Various proteins involved in intermediary metabolism or rather enzymes of intermediary metabolic process were detected in mRNA interactomes. Catalogues of mRNA-bound proteins now suggest a more general functional relevance of enzymes moonlighting as RBPs supporting an earlier RNA, enzyme, and metabolism (REM) hypothesis that proposes a link between metabolism and RNA-based regulation of gene expression. Notably, in addition to proteins controlling the fate of bound mRNA, the RNAs could in turn, serve as regulators of enzymatic activity, possibly through competition or allosteric activation/repression, or by acting as scaffold for the assembly of enzyme complexes.
Comparatively, the Arabidopsis, mammalian, C. elegans and S. cerevisiae systems, uncovered a common set of enzymes that have a role in intermediate metabolism, including enzymes involved in the glycolysis and tri-carboxylic acid cycles. This inter-specific comparative analysis also revealed some distinct differences in the RBP repertoires of each organism, suggesting that these RBPs are also tissue and species-specific.

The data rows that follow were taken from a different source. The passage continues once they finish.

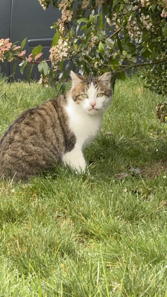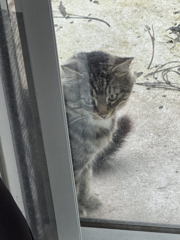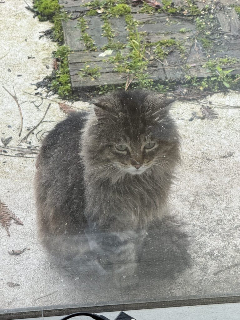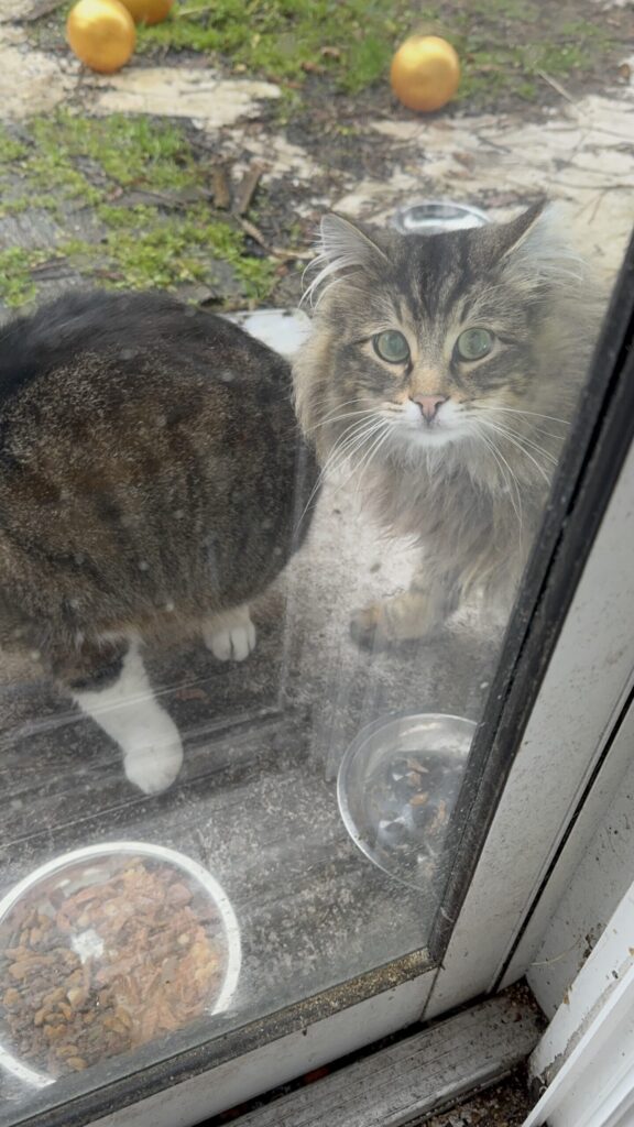 The cats behind the man
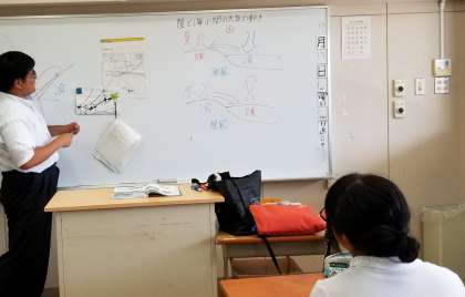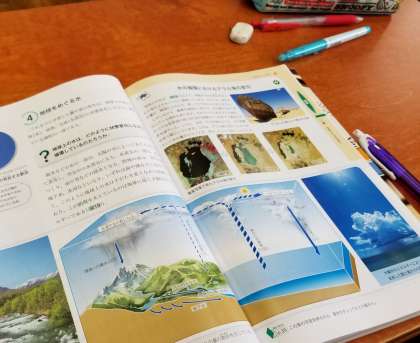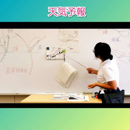 2年生女子が、 天気キャスター役に扮して 天気予報番組で自作の天気予報の原稿を読みます。
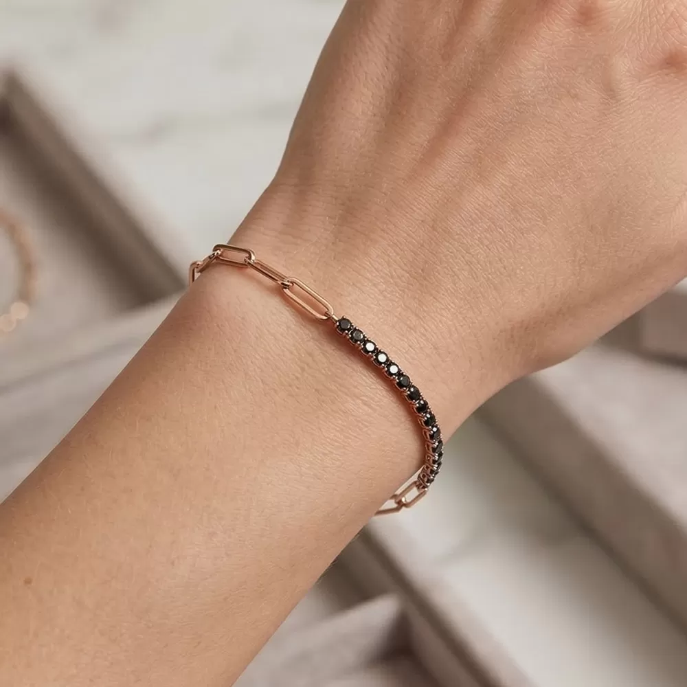 Pulsera en oro rosa con diamantes Fancy Black talla brillante.

Interestingly, some of these enzymes of the intermediary metabolic pathway were modified under drought stress conditions, indicative of a link between post-transcriptional gene regulation and stress-induced metabolic changes either via RBPs regulating their own mRNAs or vice versa. In response to drought stress, four carbohydrate metabolism enzymes, glyceraldehyde 3-phosphate dehydrogenase C-2 (GAPDH), aldehyde dehydrogenase 7B4, pyruvate dehydrogenase E1 component and aconitase, which are also responsive to abscisic acid (ABA) stimulus and water deprivation, are among the enzymes that were detected as differentially regulated at their RNA interaction levels. For example, at the protein level, the expression of glyceraldehyde 3-phosphate dehydrogenase increases in response to cold stress and in response to drought stress, an increase was noted at post-transcriptional level, denoting a potential transcriptional rise of its target RNA.

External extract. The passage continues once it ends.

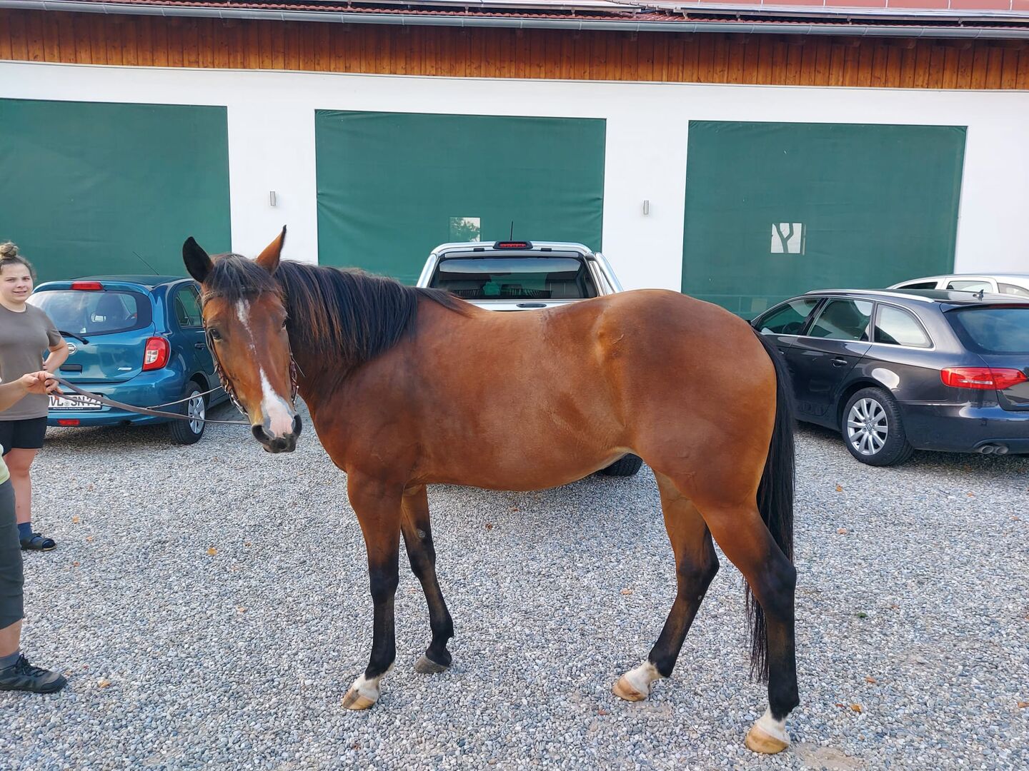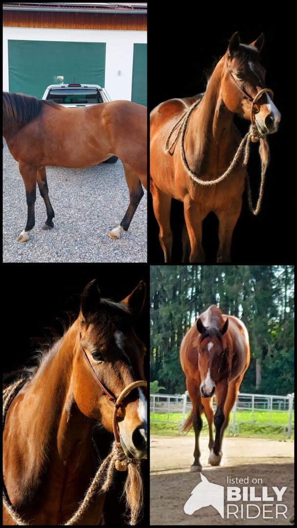 bardzo poprawna klacz rasy Quarter Horse - Szukamy nowego 5-gwiazdkowego domu dla tej wspaniałej klaczy Quarter Horse, ponieważ niestety nie urosła tak silna i wysoka, jak się spodziewaliśmy. Niestety, proporcje konia i jeźdźca nie pasują do siebie. Püppynella" to 6-letnia, absolutnie poprawna klacz rasy Quarter Horse z doskonale wyhodowaną linią użytkową do cuttingu i reined cowhorse. Ma ok. 148 cm wzrostu i gniadą maść. Klacz jest raczej drobna i nie jest nośna, ale ma zrównoważoną muskulaturę. Püppynella jest bardzo przyjazna i ma przystępny, zorientowany na ludzi charakter. Nie trzeba dodawać, że jest dobrze wychowana i całkowicie bezproblemowa u weterynarza, przy pielęgnacji kopyt (gołe kopyta), na wieszaku i w obsłudze. Była regularnie szczepiona i poddawana przeglądom stomatologicznym, a także fizjoterapii i osteopatii. Mieszka w otwartej stajni i jest bardzo dobrze wychowana. Zna również boks w nocy i ćwiczenia w ciągu dnia. W 2022 roku została na krótko zajeżdżona i zajeżdżona (chód i kłus). Następnie została ponownie wypuszczona na pastwisko, ponieważ nie była jeszcze tak daleko w swoim rozwoju. Obecnie jest gimnastykowana w ręku, a także wychodzi w teren i na drogę. Idealnie byłoby, gdyby ktoś z doświadczeniem w szkoleniu młodych koni był w stanie spokojnie i ostrożnie przekwalifikować klacz. Klacz jest przebadana na 5 panelach n/n. Miała wspaniałego źrebaka. Ciąża i poród przebiegły bez komplikacji, a klacz była kochającą matką. Ze względu na solidny rodowód jest również interesująca do hodowli. Püppynella jest sprzedawana jako niejeżdżona. Ponieważ jest bardzo słodkim koniem, zostanie sprzedana tylko w najlepsze ręce.

Increasing evidence on the enzyme-RNA interaction sheds light on the role of metabolic enzymes in dual functionality. For example, in non-plant systems, in vivo and in vitro evidence confirm the existence of RNA-binding activities within the nicotinamide adenine dinucleotide (NAD)-binding pocket of GAPDH. Just like in the mammalian system, eight GAPDH NAD-binding and GAPDH C-terminal domain-containing proteins were observed in plants. GAPDH has been shown to bind to diverse RNA species, including AU-rich elements, tRNAs and telomerase RNA component (TERC). Based on evidence from other systems, it is imperative to suggest that the same principle is conserved in plants, and that GAPDH potentially interact with RNA through its NAD-binding pocket.